Impact of Yuan devaluation on the Mauritian economy
China has decided to devalue its currency to boost its exports; Mauritius, being an importing nation, will benefit from favourable import supplies from China but negative ripples might be felt with seafood and textile exports from Mauritius to destinations like US and EU becoming less competitive as China corners the market with Yuan devaluation, even as Chinese tourists display less spending power on the island as their currency weakens.
China’s central bank has devalued the Yuan by nearly 3% against the US dollar to boost exports and take it a step closer to becoming an official reserve currency.

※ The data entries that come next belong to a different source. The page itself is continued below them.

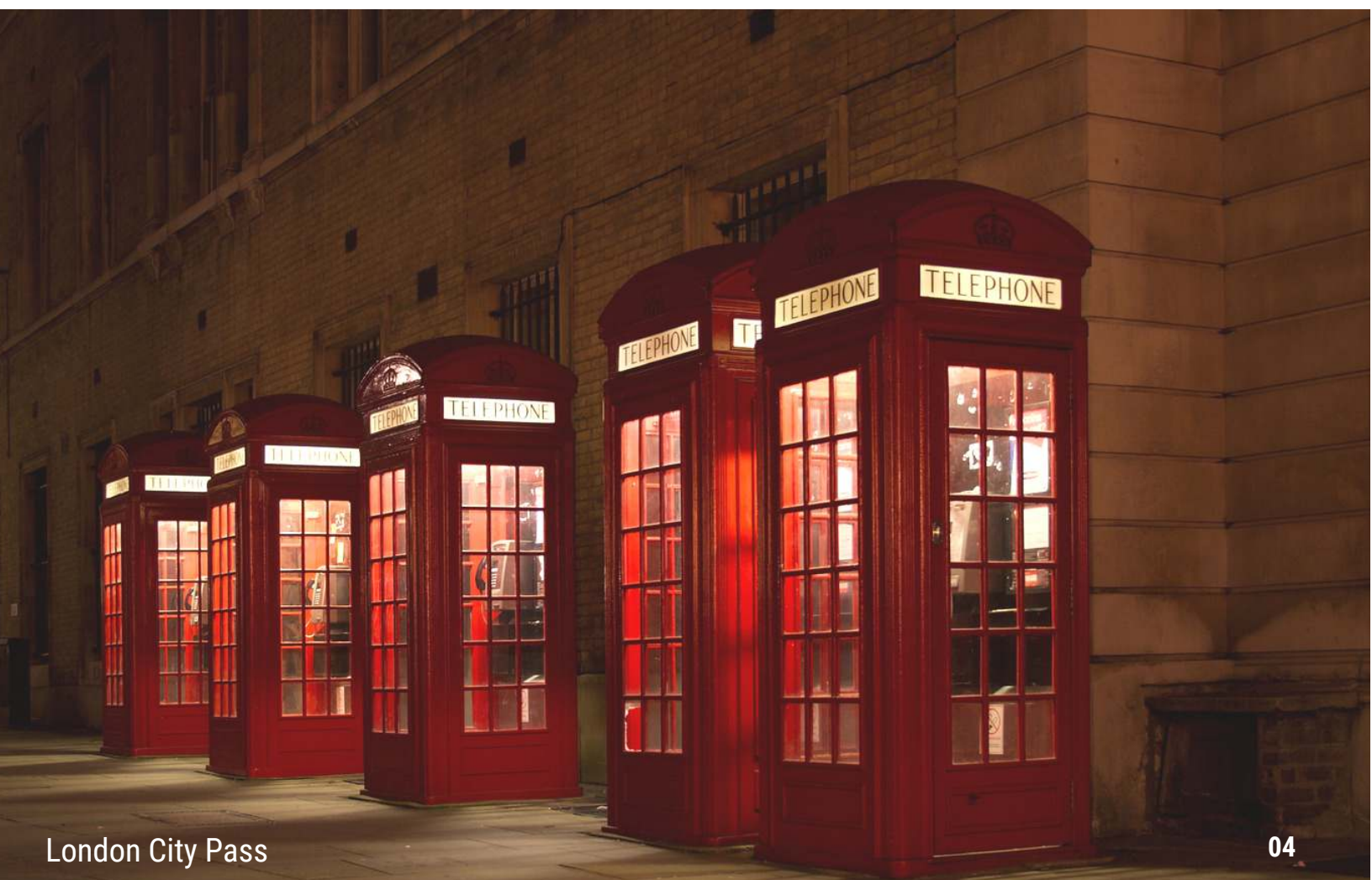
London City Pass

It takes a dream, a plan and a passion to go. This gift guide will help travelers ignite the dream, prepare the plan and find the gear to go wherever your travel dreams take you.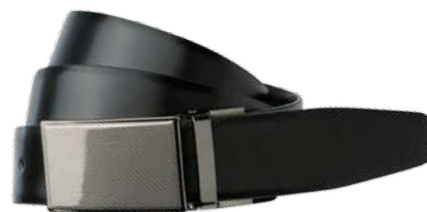
CLIFTON 35MM BKBR (REVERSIBLE) SPANISH TEXAS LEATHER, GUNMETAL BUCKLE 32"/82CM TO 48"/122CM RRP: AU$59 / NZ$79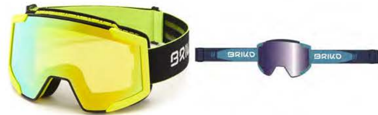
910 BLACK YELLOW F - YM2PT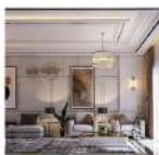
CEILING FALSE CEILING (P.O.P.)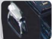
Heavy Duty Carry Handles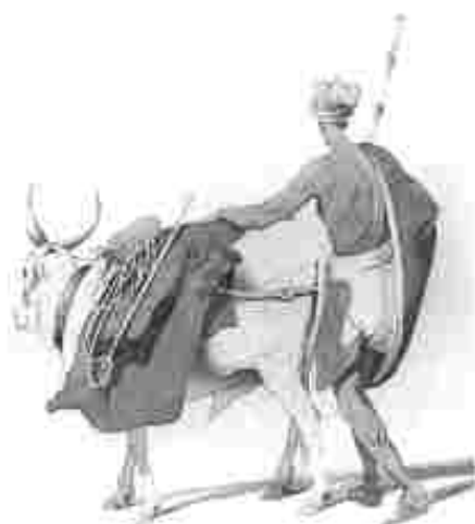
Fig. 5.11 Drawings such as this nineteenth-century example often reinforced the notion of an unchanging rural society.

As an extension of this, Bernier described Indian society as consisting of undifferentiated masses of impoverished people, subjugated by a small minority of a very rich and powerful ruling class. Between the poorest of the poor and the richest of the rich, there was no social group or class worth the name. Bernier confidently asserted: "There is no middle state in India."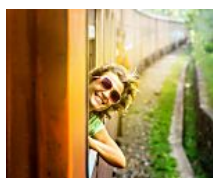
Planes, trains and automobiles – save $$ on your travel plans (Liligo.com)

Industrial production, investment and retail sales data for China in July were weaker than expected, while weekend figures showed Chinese exports tumble 8.3% in July, their biggest drop in four months. After a string of figures showing weakening output growth since last year, the authorities have come under intense pressure internally to address the slowdown with a dramatic policy shift.

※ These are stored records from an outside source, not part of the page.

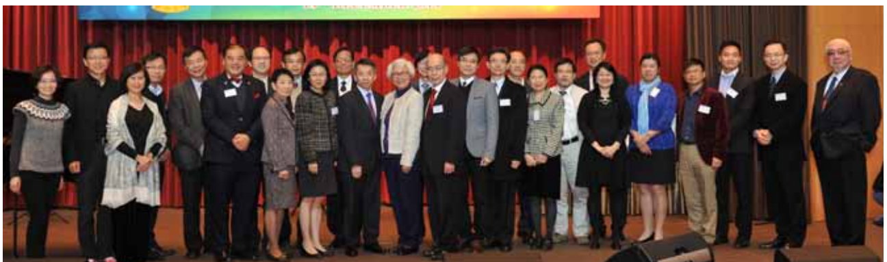
Council Members with distinguished guests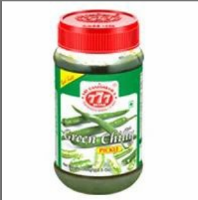
777 Green Chilly Pickle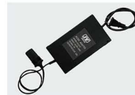
Powering with the AC Power Supply (JY11012)(Optional Accessory Page34)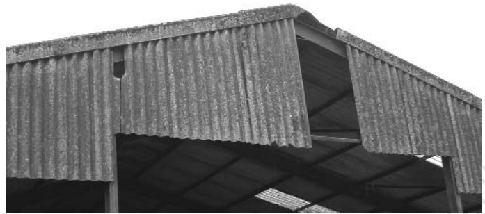
A typical gable end of a farm building roofed and clad in asbestos cement. Even though the sheets are broken they will not be releasing fibres and so can be left in place. There is no requirement to repair just because they are an ACM.

Where buildings or plant do contain ACMs it is a good idea to set controls on maintenance or building work, such as, no work must be started with out the written authority of the building controller.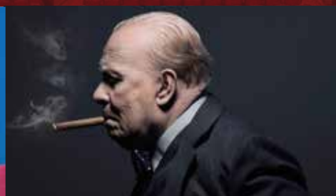
DARKEST HOUR February 9, 11, 12

A thrilling and inspiring true story begins at the precipice of World War II as, Winston Churchill (Academy Award nominee Gary Oldman) must face one of his most turbulent and defining trials: exploring a negotiated peace treaty with Nazi Germany, or standing firm to fight for the ideals, liberty and freedom of a nation.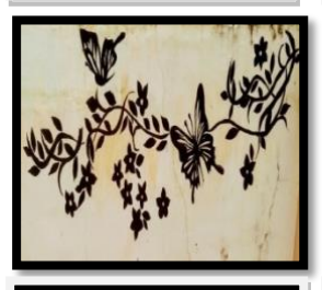
Sreelakshmy .R (S4)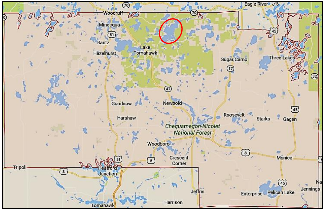
Figure 2. Map of Oneida County, WI with the approximate location of the Rainbow Flowage circled in red.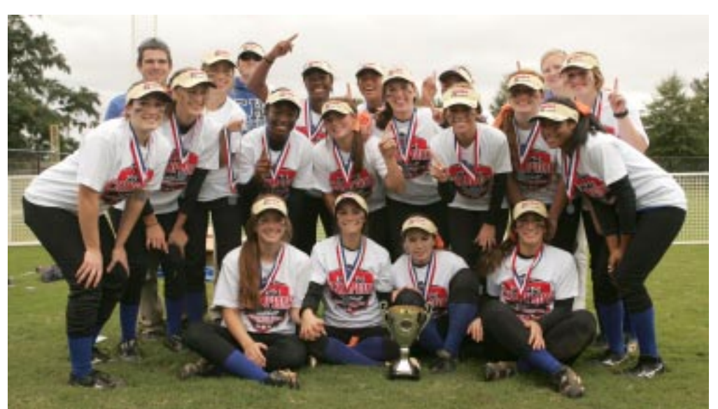
<u>Class AAA</u> Columbus Lady Blue Devils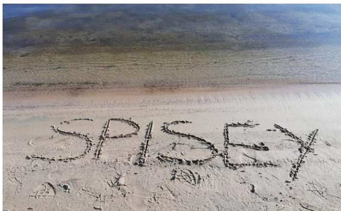
Project memory from meeting in Finland

The SPISEY partners will present the European Inclusion Compass and the facilitation toolbox and experts within the field will bring the newest European knowledge and experiences to the audience.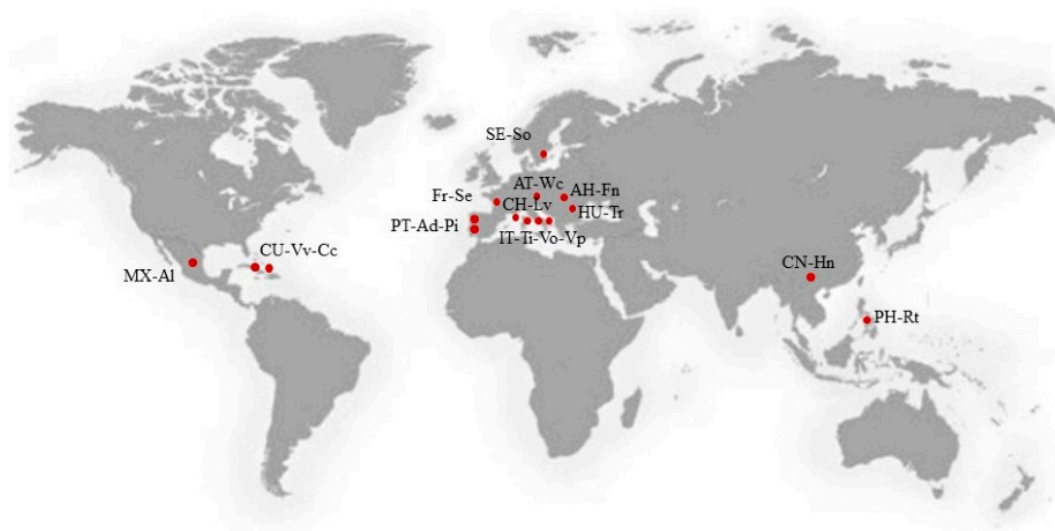
Figure 1. Localization of the rural World Heritage Sites analyzed.

The WHC currently includes 176 States Parties. To date (February 2015), the WHL includes 1007 properties (779 cultural, 197 natural and 31 mixed) located in 161 Countries. Overall, 46 properties are considered in danger, and two have been delisted. Analyzing the World Heritage List, we have identified the landscapes that today constitute rural World Heritage Sites. In particular, up to 2015, UNESCO has recognized 16 rural landscapes around the globe as cultural heritage sites and deemed them to be of OUV. Their characteristics are described in Table 1 and their localization in Figure 1. In the present study, only the core zone (the protected area) was considered.

Exporting giant China has devalued its currency to boost exports. Since the beginning of the year, figures show a devaluation of 3.0% against currency major USD to exchange at 0.156008 USD for 1 CNY compared to 0.16113 USD for 1 CNY in January.
China being an export giant, devaluating the Yuan will be favourable for its balance of payments, given that export levels will be boosted and there will be increased activity levels in the country.
Mauritius is mainly an importing nation with imports at Rs 172.3 billion for 2014 out of which China accounted for 16.1% of imports for an amount of Rs 27.8 billion.
Just after India, which is Mauritius’ main source country for imports, comes China.
Mauritius pays for its exports in USD normally, and, therefore, devaluation of Yuan may signal a favourable change for Mauritius on the imports front as overseas purchases from China will cost less.
The other side of the coin shows that Mauritius exports seafood products to China shall be less competitive with Yuan devaluation.
Accordingly, on the exports market, Mauritius exports stood at Rs 96.6 billion in 2014. The island’s exports comprise mainly of clothing, textiles, sugar, cut flowers, molasses and fish towards the European Union and some other countries as well.
China being a big competitor on the export market, the Asian nation will now have a greater competitive edge with the Yuan devaluation.
Mauritian exports of textile and clothing may be at risk, given the island’s export destinations are mainly the United States and European counties. Now, given that China is a major exporter of textile and clothing, the small market share Mauritius holds in this market may be at threat.
Another segment is the tourism sector, where there has been major growth of 51.2% in Chinese tourists to Mauritius on a yearly basis in 2014 over 2013, with China capturing 6.0% of the total tourist arrivals to the island.
A weaker Yuan shall reduce spending power of Chinese and might impact the level of tourist arrivals from this market which is likely to impact Mauritius tourist earning receipts as well.